# Sidecar : connexion en USB (sans la wifi)



## David07 (27 Mai 2020)

Bonjour, 
J'aimerais utiliser mon iPad avec Sidecar sans la wifi. J'ai réussi une fois, mais à force de bidouiller je ne sais plus le refaire... et sur internet personne en parle (ou c'est en anglais).
C'est surtout que je ne veux pas l'utiliser en wifi... tout passe déjà par ça, je pense qu'il y a assez d'ondes comme ça, lol 
Et là aujourd'hui j'ai eu le message (voir ma capture) donc je vois bien que c'est possible sans wifi mais juste en USB ! iPad connecté pourtant... mais rien n'y fait...
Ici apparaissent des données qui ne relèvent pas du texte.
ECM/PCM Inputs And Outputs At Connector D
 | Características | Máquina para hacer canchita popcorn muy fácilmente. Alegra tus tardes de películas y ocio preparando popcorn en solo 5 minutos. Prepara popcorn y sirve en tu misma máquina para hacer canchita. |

Que puis-je faire pour le connecter en filaire ? Merci


----------



## JLB21 (27 Mai 2020)

Bonjour,

Je n'avais jamais essayé par USB, mais chez moi ça marche, la connexion est immédiate.




Ici sur l'iPad le visualiseur principal de FCP X.
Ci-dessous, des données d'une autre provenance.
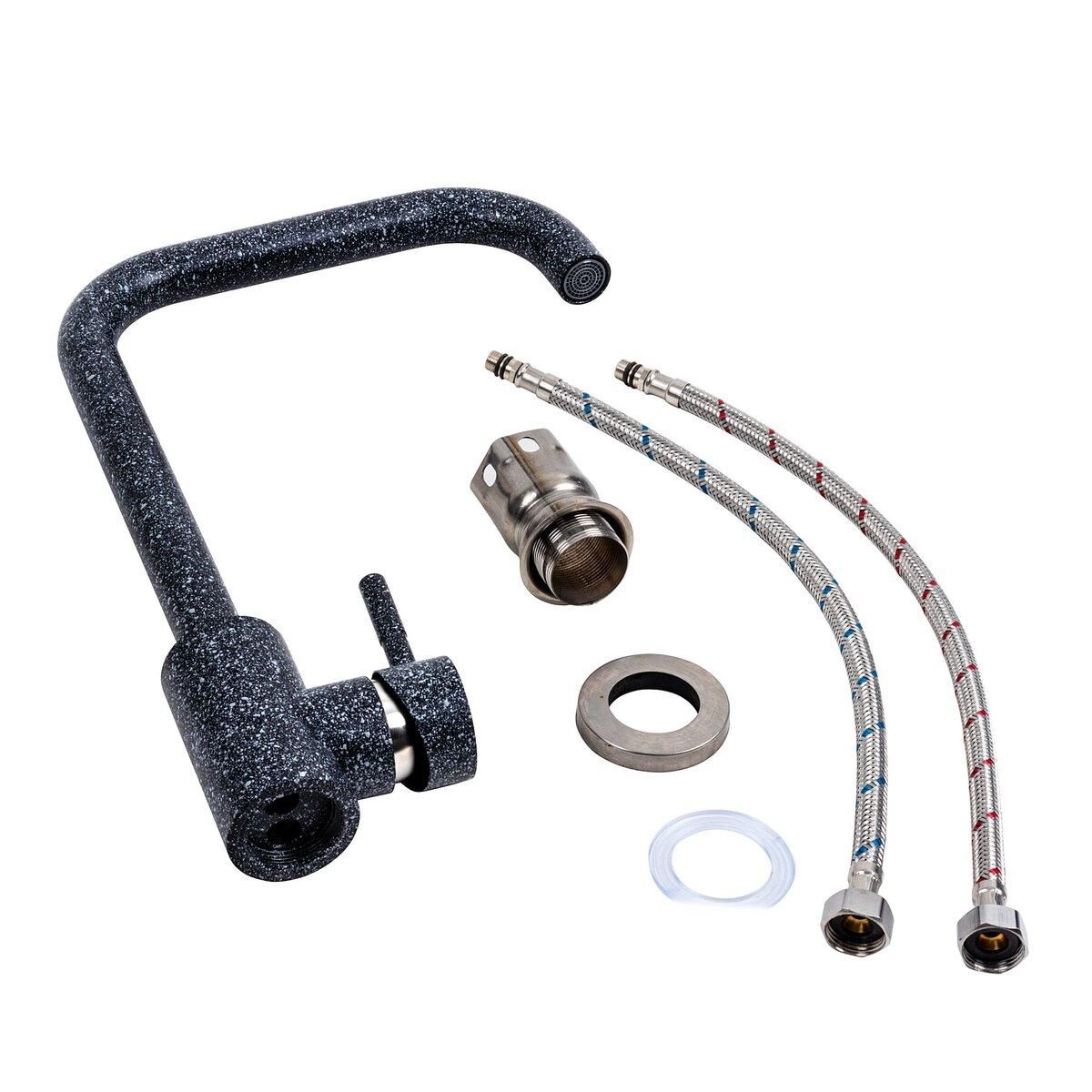 Вишуканий та функціональний змішувач у кольорі графіт чудово доповнює мийку, надаючи всьому комплекту завершеного вигляду. Виготовлений з високоякісної нержавіючої сталі, він забезпечує комфорт та ефективність під час готування та миття посуду.

En fait, il n'y a rien eu à bidouiller, j'ai coupé le Wifi, connecté l'iPad, puis sur l'iMac->Préférences système/Sidecar, une fenêtre s'affiche comme suit,




 je choisis l'iPad et ça roule…


----------



## David07 (25 Août 2020)

Hello, 

Merci pour la réponse ! Encore aujourd'hui, la connexion ne se fait pas. 

Voici ce que j'ai : 






Alors que l'iPad est connecté en WIFi et le Mac aussi, au même réseaux internet 
L'iPad est bien branché au Mac en USB-C
Même identifiant Apple sur les deux 
J'ai bien fait "confiance à votre Mac sur votre iPad." 

En redémarrant le Mac et l'iPad, ça a marché, à ne rien y comprends car ce problème reviens régulièrement, mais à chaque redémarrage des deux ça fonctionne à nouveau.

Ce que je ne comprends pas, c'est que plusieurs articles internet disent bien que c'est possible juste en filaire sans passer par la WIFI, mais à chaque fois que j'essaye rien ne marche... c'est très capricieux pour tant de simplicité lol

Est-ce que vous auriez une solution à tout hasard ? 

Je vous en remercie 

D.


----------



## JLB21 (25 Août 2020)

Essaie de mettre à la corbeille les préférences sidecar comme ci-dessous :






Je viens de ré-essayer en connexion USB et ça marche à chaque fois…


----------